The seasons have changed, winter has trickled away and has left room for the winds of spring to grace us once again. The other day, my room mate asked me what I was up to at this time of year in the garden. There are a few steps to preparing your garden beds for when the risk of frost has past– we must prepare the soil as well as the seeds.
Step 1: Clearing and cleaning the garden
Are there any annual plants that have been left in your garden over the winter? If so, you can remove these from the soil. Are there any perennials that need tending to? Some might need some pruning, something to stand up with. So the first thing I did on my visit was to scope out what was still in the garden, cleaned or cleared, or left some things as they were.
Step 2: Set up garden beds
Once you’ve cleaned up your beds you can prepare them for planting. If you want to expand your garden or start one, here is what you’ve got to do. This is a technique known as Lasagna gardening:
- Lay down news paper or cardboard: This will help suppress anything that is already growing there.
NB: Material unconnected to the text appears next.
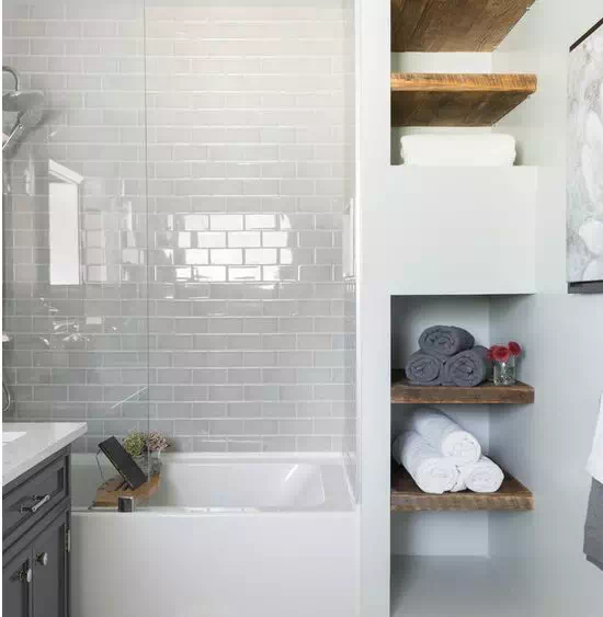 较推荐的是在墙上做一个壁龛,非常节省空间的一种收纳方法,小卫生间的福音。

- Lay down dry leaves: this will add carbon into your garden bed
- Add compost/soil: this is the last layer of your lasagna garden bed, and is where you will be planting your seeds or seedlings. Mixing in compost or using compost for your top soil has many advantages because it helps improve the quality of the soil and therefore the quality of your plants. Within a handful of compost are tons of beneficial bacteria, fungus and microbes that are instrumental to having a healthy soil food web, one strong enough to allow plants to thrive within it.
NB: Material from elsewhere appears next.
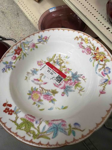 This is a vintage Mason's Ironstone soup plate or wide-rimmed bowl, likely dating from the mid-20th century, featuring a vibrant floral transferware pattern with hand-painted polychrome accents. The piece is constructed from heavy, durable ironstone ceramic with a creamy white glaze. The central motif depicts a stylized flowering tree or shrub in the Chinoiserie style, utilizing a palette of pink, blue, yellow, and green. This central design is mirrored by four distinct floral sprays around the wide, scalloped rim. A delicate, burnt-orange geometric and scroll border finishes the outer edge. While no maker's mark is visible from this angle, the style is characteristic of English ironstone manufacturers like Mason's or Ashworth. Regarding condition, there is visible crazing throughout the glaze, which is typical for ironstone of this age. A retail thrift store sticker is applied directly to the center, which may leave adhesive residue. There are minor signs of surface wear from stackings and use, but no large chips or cracks are immediately apparent from the top view. The craftsmanship displays the high-quality transfer and hand-enameling techniques that made English ironstone popular worldwide.

- Optional: lay stones around the edges of the garden bed, this serves to outline your garden, help the soil store more heat, and adds some aesthetics to the garden bed.
Voila, you have a new garden bed!
Step 3: Start your seeds indoors
Now depending on what you like to plant in your garden, you may or may not be starting your own seeds indoors, if you haven’t already. Some people start everything from flowers, to squashes, to cucumbers, lettuce, herbs, and so on. Personally, I feel like there are only a few plants that are worth starting indoors: trees, exotic flowers and plants, and nightshades (for example, tomatoes, eggplants, peppers). Once you source your seeds, you can start those you want at home.
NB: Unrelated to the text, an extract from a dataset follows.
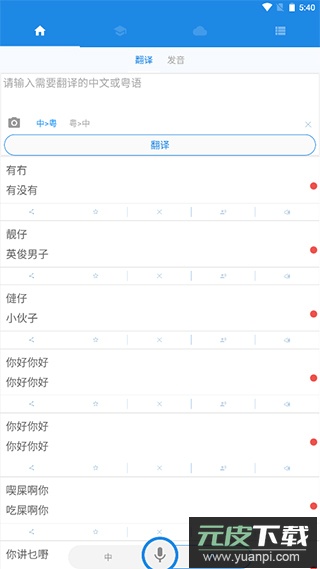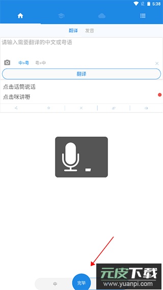 1、启动应用后,点击麦克风图标说出需要翻译的句子

These are the basic materials you will need:
- Seeds - Soil/ Compost
- A warm, sunny, and south-facing window space
- Pots: There are a variety of pots that you can use, ceramic, clay, biodegradable materials such as card board and eggshells, or plastic. If you go with clay or any other biodegradable materials, you can transplant the entire pot and plant into your garden when it’s time to transfer them. This allows you to avoid causing any damage to the root system of the plant as you transplant. The cardboard and eggshells will begin to decompose and release nutrients that will enhance the underground support web for the plants. The clay pots will hold in water for those plants that like lots of moisture, and will eventually blend into the rest of the soil matrix.
- Non-chlorinated water: leave a supply of water out over night, exposed to the air. In the morning, the chlorine will have evaporated from the water. Use this water when you start your seeds. Before you water your plants, stir the water for a minute to re-oxygenate it. Chlorine will kill any useful bacteria or fungi in the soil, which is not good for the plants, whom depend on these primary decomposers’ services. Remember to check on your seedlings everyday, and don’t forget to water them as they need.
Step 4: Sow hardy plants
Some things like the last few frosts of the season, like wild flowers and alliums for example. If you have any of these hardier plants, early spring is the time to start direct seeding them. Plant them one by one, or cast them out from your hand onto the soil.